La combinación, complicidad e interactuación entre estos dos grupos de poder es una auténtica bomba de relojería que en 40 años de inconclusa Transición no se ha querido desactivar, bien por miedo, bien por incapacidad bien por comodidad o, peor aún, igual ha sido por miedo. El problema es que cada día que pasa se van haciendo más y más fuertes y, tiempo al tiempo, veremos cómo ese tic-tac de su explosiva relojería termina por deflagrar retrotrayéndonos a tiempos no tan lejanos.

Como digo, las estructuras de poder existentes dentro del Estado, las más profundas, están viendo en esta crisis una oportunidad y lo más grave es que en esta ocasión no entrarán al Congreso pistola en mano ni sacarán los tanques: simplemente actuarán usando aquellos mecanismos de los que disponen y que, además, llegan hasta parecer como legales y legítimos, cuando no lo son.

Llevamos años denunciándolo y el precio pagado, y por pagar, no es menor, pero hay que seguir haciéndolo si aspiramos a que no engullan lo más preciado que tenemos como sociedad que es la libertad.

Los métodos con los que operan son siempre los mismos, pueden cambiar los actores y las tácticas, pero no las estrategias ni las técnicas y, peor aún, el resultado siempre es el mismo: control del poder a costa de las garantías y estabilidad democrática para imponer un modelo de sociedad que ni es al que mayoritariamente aspiramos ni el propio de un estado miembro de la Unión Europea.
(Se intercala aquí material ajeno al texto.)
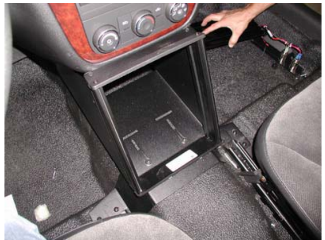
Finished look of C-VS-1000-IMP-1 console

Si somos sinceros, si somos demócratas y si somos lo suficientemente valientes, esta pandemia y su desescalada pueden ser una gran oportunidad para poner coto a dichos abusos. Para hacerlo, y conseguirlo, ni caben medias tintas ni pensar que el mal de unos no es el de todos.

Lo que le está pasando al Gobierno de Sánchez es fiel reflejo, pero aún incipiente, de lo ya vivido en País Vasco y en Catalunya, porque esas estructuras de poder, más poderosas que un gobierno, no van a cejar en un objetivo que tiene, entre sus motivaciones, el impedir que avancemos hacia un escenario en el cual la mayoría estaríamos más cómodos, pero en el que ellos perderían su poder y modus vivendi.

Lo que está sucediendo y lo que se vislumbra en ese horizonte hacia el que vamos desescalando no parece muy halagüeño, pero cerciorarnos, con plena certeza de cómo será, es algo que solo podemos hacer con el paso del tiempo.

Lo mejor es asumir ya que nos quieren llevar al pasado, a una vida en blanco y negro, al NO-DO, al Tribunal de Orden Público y a todo aquello que algunos asumían como parte del pasado y otros tenemos claro que no está tan pasado y sí muy presente.

Probablemente, la única solución pase por, asumiendo los costos que ello tendrá, poner fin a esas estructuras de poder, desfranquizar las instituciones y embarcarnos abiertamente en un proceso de consolidación democrática. Esto implica, necesariamente, asumir que ha llegado la hora de terminar de hacer o simplemente hacer la auténtica y necesaria transición del franquismo hacia un modelo democrático compatible con los valores y principios rectores de la Unión Europea.